Development and validation of nomogram models for severe and fatal COVID-19

Abstract

Background: The coronavirus disease 2019 (COVID-19) has exhibited escalating contagion and resistance to immunity, resulting in a surge in infections and severe cases. This study endeavors to formulate two nomogram predictive models aimed at discerning patients at heightened risk of severe and fatal outcomes upon hospital admission. The primary objective is to enhance clinical management protocols and mitigate the incidence of severe illness and mortality associated with COVID-19.

Methods: 1600 patients diagnosed with COVID-19 and discharged from Fujian Provincial Hospital were chosen as the subjects of this study. These patients were categorized into three groups: mild group (n = 940), severe group (n = 433), and fatal group (n = 227). The patients were randomly divided into training and validation cohorts in a 7:3 ratio. COVID-19 symptoms were treated as dependent variables, and univariate regression analysis was conducted for the laboratory indicators. Risk factors with p-values greater than 0.05 in the univariate regression analysis were eliminated. The remaining risk factors were then analyzed using direct multiple regression analysis to establish an unadjusted model. Subsequently, risk factors with p-values greater than 0.05 were further removed. Clinical characteristics were added to the model as adjustment factors, and the method of multiple stepwise regression analysis was employed to derive the final fully adjusted model. The severe and fatal COVID-19 models were converted into nomograms, respectively. Receiver operating characteristic (ROC) curves were utilized to evaluate the discrimination of the nomogram models. Calibration was assessed using the Hosmer-Lemeshow test and calibration curves. Clinical benefit was evaluated by decision curve analysis.

Results: Compared to the mild group, individuals in the severe COVID-19 group exhibited significant increases in age, neutrophil (NEU), and lactate dehydrogenase (LDH) levels, alongside notable decreases in lymphocyte (LYM) and albumin (ALB) levels. Nomogram model incorporating age, NEU, LDH, LYM, and ALB demonstrated efficacy in predicting the onset of severe COVID-19 (AUC = 0.771). Furthermore, history of cerebral infarction and cancer, LDH and ALB as risk factors for fatal COVID-19 cases compared to the severe group. The nomogram model comprising these factors was capable of early identification of COVID-19 fatalities (AUC = 0.748).

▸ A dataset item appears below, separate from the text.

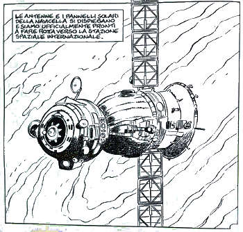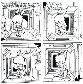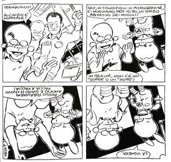 Interessante, poi, la soluzione adottata da Ortolani per far comprendere al lettore la particolare situazione in cui operano gli astronauti sulla Stazione Spaziale Internazionale. Per dare un’idea dell’ambiente a microgravità, l’autore non si limita a disegnare i personaggi fluttuare all’interno dei corridoi della Stazione, ma ruota gli stessi e le vignette all’interno della pagina, costringendo il lettore a ruotare a sua volta il volume per leggere le battute. Particolarmente efficaci, anche dal punto di vista educativo, sono poi le pagine 101 e 102 che permettono di comprendere visivamente l’essenza di un concetto fondamentale per la fisica come i sistemi di riferimento.

Conclusions: Elevated age, NEU, and LDH levels, along with decreased LYM and albumin (ALB) levels, are risk factors for severe illness in hospitalized patients with COVID-19. A history of cerebral infarction and tumors, along with elevated LDH and decreased ALB levels, are risk factors for death in critically ill patients. The nomogram model based on these factors can effectively predict the risk of severe or fatal illness from COVID-19, thereby assisting clinicians in timely interventions to reduce the rates of severe illness and mortality among hospitalized patients. However, the model faces challenges in processing longitudinal data and specific points in time, indicating that there is room for improvement.

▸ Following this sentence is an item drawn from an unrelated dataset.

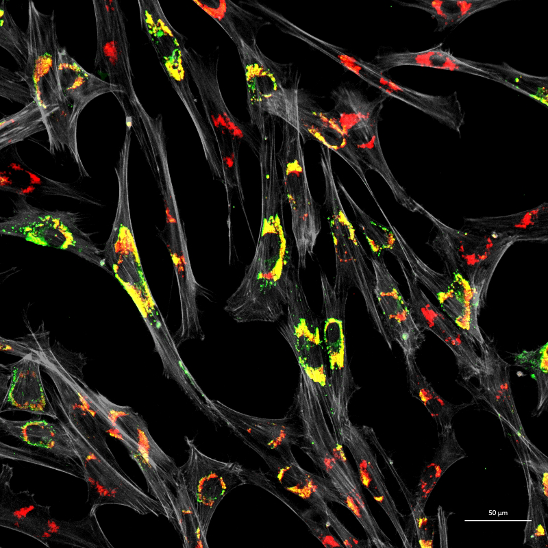 Human NPC1 fibroblasts were immuno-stained for Lamp1 (green) and stained with filipin (red); filipin stains unesterified cholesterol, which accumulates in the Lamp1–positive endolysosomal compartment. Cell structure was outlined by immuno-staining for actin (gray).

Keywords: COVID-19; Development; Nomogram model; Risk factors; Validation.

Fig. 1

Nomogram model predicting severe COVID-19 and fatal COVID-19. (A) The total points projected on the bottom scales indicate the probabilities of severe COVID-19. (B) The total points projected on the bottom scales indicate the probabilities of fatal COVID-19. Instructions for nomogram use: (1) Locate the points value corresponding to each variable for each patient on the nomogram; (2) Sum the points value corresponding to all variables to obtain the total points value: (3) Use the total points value to query the linear predicted value and the risk of outcome events.

Fig. 2

The ROC curves of the nomogram model. (A, B) The ROC of the training set and validation set for the severe COVID-19 model. (C, D) The ROC of the training set and validation set for the fatal COVID-19 model.

Fig. 3

The calibration curves and goodness-of-fit of nomogram models. (A, B) The calibration curves of the nomogram for the severe COVID-19 model and fatal COVID-19 model. (C, D) Assessment of goodness-of-fit for the Nomogram in the severe COVID-19 model and fatal COVID-19 model.

Fig. 4

Clinical decision curve analysis for the nomogram model. (A, B) The clinical decision curve of the training set and validation set for the severe COVID-19 model. (C, D) The clinical decision curve of the training set and validation set for the fatal COVID-19 model.